4.2: The Cosmos
Understand the cosmos. Other Information:
The universe began in an extremely hot, dense condition and has undergone a tremendous expansion, greatly reducing its energy
density. The early universe can be described by a unified picture of particles and forces. As it expanded and cooled, however,
this simpler universe “froze out” into the complexity we see today. In 1998, we learned that the expansion of the universe
is now accelerating rather than decelerating. This means that some unknown source is producing an antigravity force stronger
than gravity. This mysterious dark energy now composes 73% of the total matter and energy content of the universe. The second
largest fraction, 23%, is called dark matter and it has not been identified either. Ordinary matter, including all the stars
and galaxies, amounts to around 4%. Since the science of the very large and the very small are intertwined, we will develop
joint research programs with NASA and other partners to combine high energy physics research with related programs in astrophysics
and cosmology.

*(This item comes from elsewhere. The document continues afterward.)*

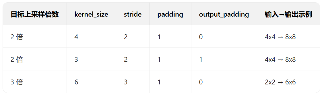 ⚠️ 关键区别:output_padding 是转置卷积独有的参数,用于微调输出尺寸,解决步长 > 1 时的尺寸歧义问题。

Identify dark energy. Explaining the dark energy that is pulling the universe apart is crucial for understanding
its evolution. Our strategy includes the following emphases: • Work in partnership with NASA to observe distant supernovae
using a dedicated telescope in earth orbit. The JDEM will precisely measure the emission of light from supernovae located
at a wide range of distances, providing a history of accelerating and decelerating periods in the life of the universe. •
Develop a theoretical understanding of dark energy. Our best attempts to calculate the vacuum energy density give results
that are much too large. Identify dark matter. The nature of dark matter has not yet been determined, but we suspect that
it consists of weakly interacting massive particles. A prime candidate is the lowest mass supersymmetric particle, left as
a remnant of a very early stage of the universe. Our strategy includes the following emphases: • Search for weakly interacting
massive particles in cosmic rays. • Search for supersymmetric particles produced in accelerator experiments. • Study the large-scale
structure of the universe and infer the distribution of dark matter. Explain the matter/antimatter puzzle. There appears to
be no antimatter in the universe now, although equal amounts of matter and antimatter should have been created in the early
universe. This is one of the great mysteries of physics. Our strategy includes the following emphases: • Use the SLAC B-Factory
to provide sensitive measurements of a minute asymmetry in the weak interactions of quarks that may help explain the absence
of antimatter. • Conduct an experiment on the International Space Station to search for antimatter in cosmic rays. Study the
cosmic role of neutrinos. Neutrinos permeate the universe and hardly interact with matter, yet play a key role in the explosion
of stars. The recent discovery of neutrino mass has important consequences for these supernovae. Our strategic emphases in
this section overlap with those listed in section 4.1, for exploring unification phenomena: • Study neutrino masses and mixing
in much more detail using new accelerator beams and detectors. • Search for neutrino-less double beta decay to provide an
absolute scale of neutrino masses. Investigate high energy astrophysics. High energy physics research can help solve important
problems in astrophysics—the origin of the highest-energy cosmic rays, corecollapse supernovae and the associated neutrino
physics, and galactic and extragalactic gamma-ray sources. Our strategy includes the following emphasis: • Develop detectors
on the ground and in space that will be used to study high-energy cosmic rays and gamma rays.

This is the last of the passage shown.